“We don’t like Dayworks”

Dayworks are often perceived to be the bane of the construction industry, but, if managed correctly, can be a vital source of record keeping.

Dayworks are a method of valuing works on the basis of the cost of labour, materials and plant plus a mark-up for overheads and profit. This method should only be used if the normal valuation mechanism is not appropriate. Unfortunately, sometimes dayworks are submitted for varied works in order to achieve better margins than using contract rates.

There are two basic options as to how daywork rates can be established:

Option A – a percentage addition:

Prime cost to which a percentage is added for overheads, profit and incidental costs.

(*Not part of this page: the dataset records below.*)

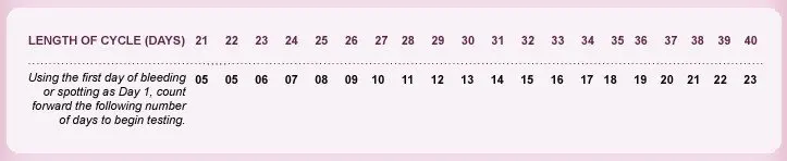 Determine the length of your normal menstrual cycle, which is from the beginning of one period to the beginning of the next. Using the first day of bleeding or spotting as day 1. Please recall the status of latest months to assure the average cycle length, then circle out the cycle length in the first line of below chart and read out the corresponding numbers(days) in the second line. The following, count the numbers in second line from the first day of your menstrual cycle, we will get a time that you can start your detection.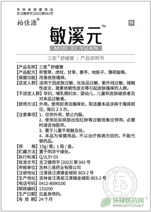 敏溪元™三愈®舒緩膏說(shuō)明書(shū)文字版(單品單備案,網(wǎng)上可查)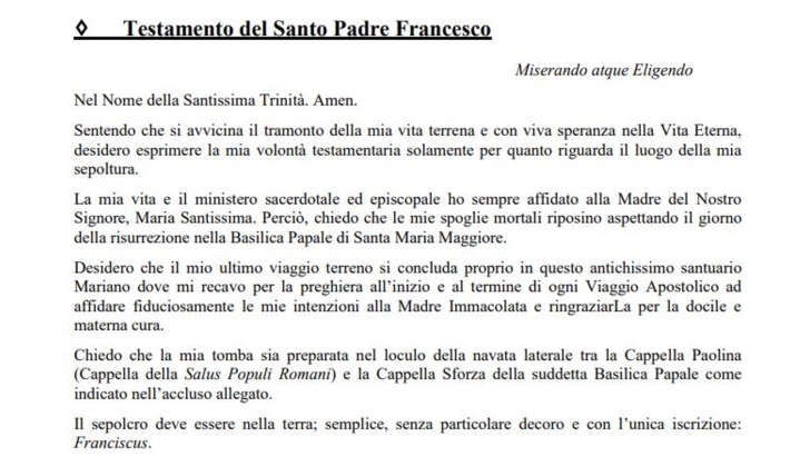 The Vatican released the Pope's final testament, in which he outlined his request to be buried "in the ground, without particular ornamentation" but with the inscription "Franciscus".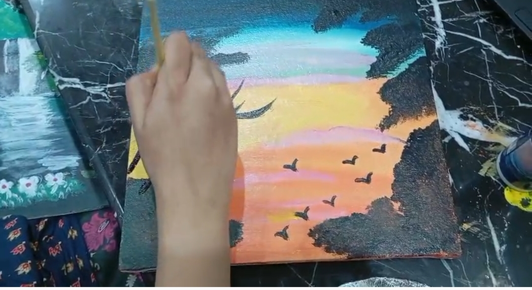 Now I blend the pink shade in middle are and done my tree bushes then drew few birds from fine tip brush with black shade .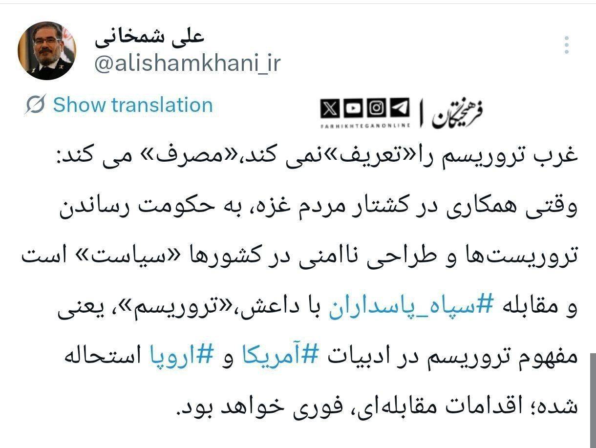 علی شمخانی در حساب کاربری خود در شبکه اجتماعی ایکس نوشت:«غرب تروریسم را«تعریف» نمی کند، «مصرف» می کند: وقتی همکاری در کشتار مردم غزه، به حکومت رساندن تروریستها و طراحی ناامنی در کشورها «سیاست» است و مقابله سپاه پاسداران با داعش، «تروریسم»، یعنی مفهوم تروریسم در ادبیات آمریکا و اروپا استحاله شده؛ اقدامات مقابلهای، فوری خواهد بود.»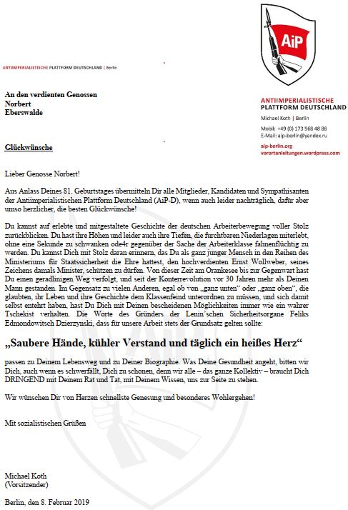 Am Donnerstag, den 22.06.d.J. besuchte eine Delegation der Antiimperialistischen Plattform Deutschland (AiP-D) unter Leitung ihres Vorsitzenden Genossen Michael Koth gemeinsam mit S. E. dem Außerordentlichen und Bevollmächtigten Botschafter der DVR Korea in der BRD, Genossen Pak Nam Yong, und seinem Stellvertreter den ehemaligen Bezirk Frankfurt/Oder mit dem Ziel Golzow, das die historische Stätte des Besuches des verehrten Genossen Kim Il Sung im Jahre 1984 war. Der Delegation der AiP-D gehörten an: der Stellvertretende Vorsitzende, die Abteilungsleiter Ideologie, Landwirtschaft und Forsten, Wissenschaft und Technik, Singebewegung und Personenschutz.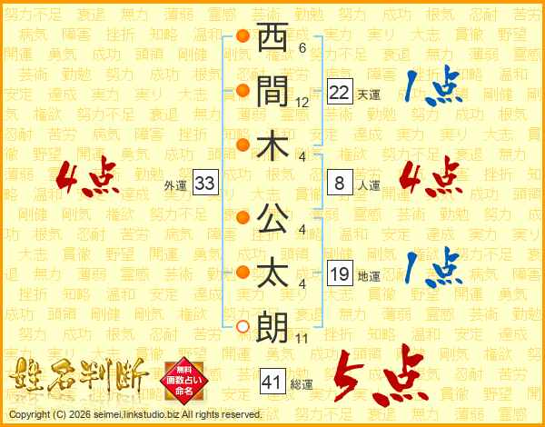 西(6画)間(12画)木(4画) 公(4画)太(4画)朗(11画)
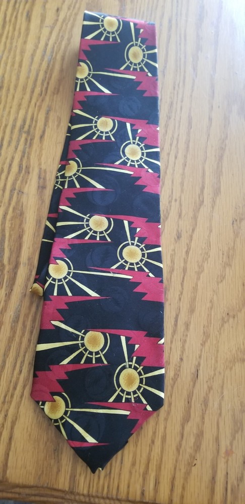 This Grateful Dead Men's Silk Novelty Neck Tie features a classic design with a vibrant red, black, and yellow color scheme. Made from 100% silk fabric in the United States, this vintage tie showcases a music-themed pattern that is perfect for fans of the Grateful Dead. The tie is wide and falls within the classic length range, making it a stylish accessory for men who appreciate designer items with a touch of nostalgia.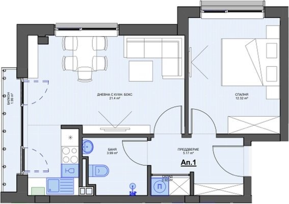 * просторна дневна с кухненски бокс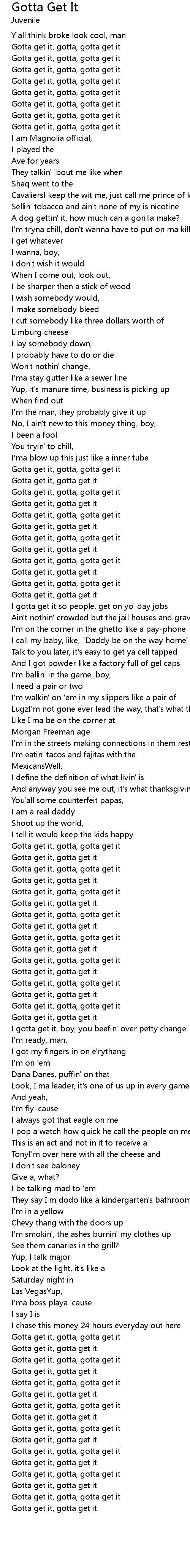 Gotta get it, gotta get it |

Option B – all-inclusive rates:

All-inclusive rates are quoted at tender and incorporated in the contract documents. These include an allowance for overheads and profit, either fixed for the period of the contract or, if allowed in the contract, subject to an inflation allowance.

The first thing to remember is that submission of a daywork sheet for varied works does not automatically entitle the contractor to payment on a daywork basis. If the works are substantially the same as the contract works, then the works should be valued using contract rates with the daywork sheet used as a record only.

If it has been agreed that the varied works should be valued as dayworks and the resources have been agreed by the Contractor’s representative, the Quantity Surveyor has no right to reduce the hours and other resources on the sheets. 

When the Contractor’s representative is presented with daywork sheets, they will usually check they are happy that it is an accurate reflection of the resources used to carry out the works. They will also sometimes add the phrase “For record purposes only”, or just FRPO. The QS will then decide if the works should be valued on a daywork basis, or using contract rates.

If the resources detailed on a daywork sheet are disputed by the Contractor’s representative, this should be raised when the sheet is submitted so an accurate record can be agreed. If this does not happen, it is the responsibility of the Contractor’s representative to prove the claimed resources are incorrect. There is therefore the risk of having to prove at a later stage that the information included in the records is wrong or otherwise payment will have to be made in full.

In summary, check for a “Daywork Procedure” which may be incorporated into the Sub-Contract. If you feel the varied works cannot be valued using another method, and dayworks are appropriate, make sure you get agreement prior to starting to prevent arguments after the works are complete.